The High Deeds of Finn Mac Cool
- First edition
- Author: Rosemary Sutcliff
- Language: English
- Genre: Mythological novel
- Publisher: The Bodley Head
- Publication date: 1967
- Publication place: United Kingdom
- Media type: Print (Hardcover)

= The High Deeds of Finn MacCool =

Book by Rosemary Sutcliff

The High Deeds of Finn Mac Cool is a children's novel by Rosemary Sutcliff and was first published in 1967. It is a retelling of the stories of Fionn mac Cumhaill and the Fenian Cycle. According to her own statements in the introduction, these stories are closer to Folklore and Fairytale, being timeless and contradictory, having organically grown from generations of storytellers; she contrasts them to the Ulster Cycle stories of Cuchulainn, which belong to the Heroic Epic, and compare with the Iliad and the Odyssey.

==Plot summary==
The story begins with the explanation of Cormac mac Art's formation of the Fianna as a defense force for Ireland, which was originally led by Finn's father, Cumhal. Cumhal is killed by Goll mac Morna, who takes over leadership of the Fianna, and Cumhal's wife Muirne flees to give birth to Finn. The boy grows up strong in the manner of his father, studies under the poet Finn Eces, accidentally tasting the Salmon of Knowledge and thereby gaining magical powers, and ultimately regaining leadership of the Fianna by defeating the Fairy that haunts the Court of Tara, Aillén mac Midgna.
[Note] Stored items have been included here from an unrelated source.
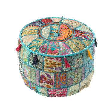 Pouf Rotondo Ricamato con Nappine Stile Etnico Sfoderabile Ø 40 cm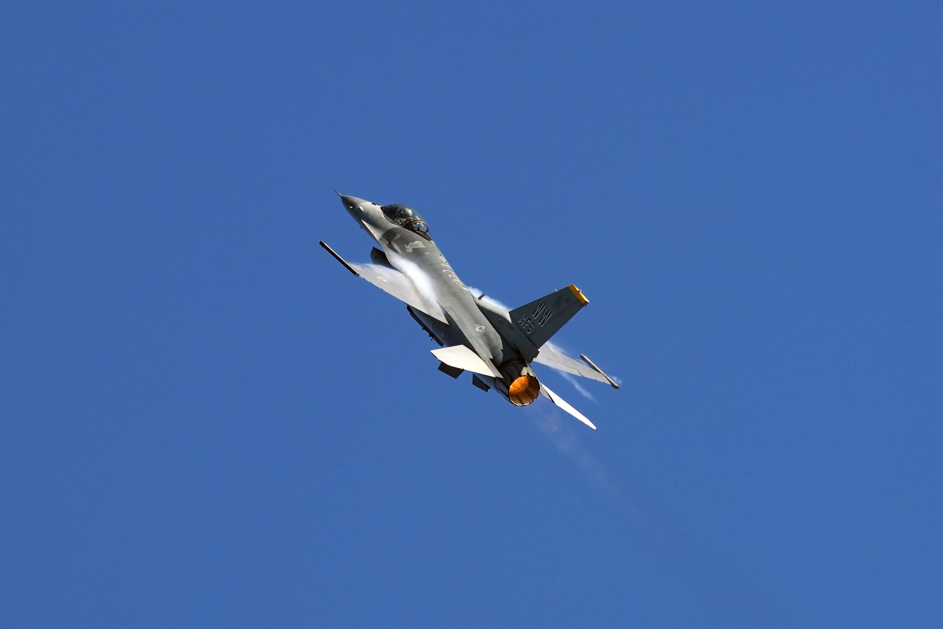 快晴時のPACAF F-16のデモは、show centerよりも端でハイレートを狙った方が良い気がしますが、300mmにX1.4のテレコンでは望遠が足りません。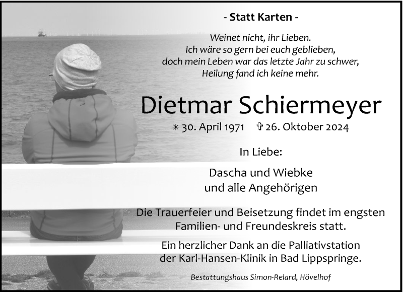 Hier finden Sie alle Traueranzeigen aus der Zeitung, die bisher für Dietmar Schiermeyer erschienen sind. Weitere Traueranzeigen, die in der Zeitung erscheinen, werden hier ebenfalls aufgelistet

Goll swears loyalty to him, and Finn rules the Fianna successfully thereafter.

Similar to Sutcliff's Arthurian novel The Sword and the Circle, most of the chapters in this novel are nearly stand-alone tales, covering many of the stories and characters associated with the Fenian Cycle. Some of these include: Finn's courtship of Sadhbh and the birth of Oisín; the tales of Diarmuid and Grainne; Niamh of the Golden Hair; the Giolla Dacker; multiple encounters with the Fair Folk;
and ultimately ending with Cath Gabhra and the downfall of the Fianna.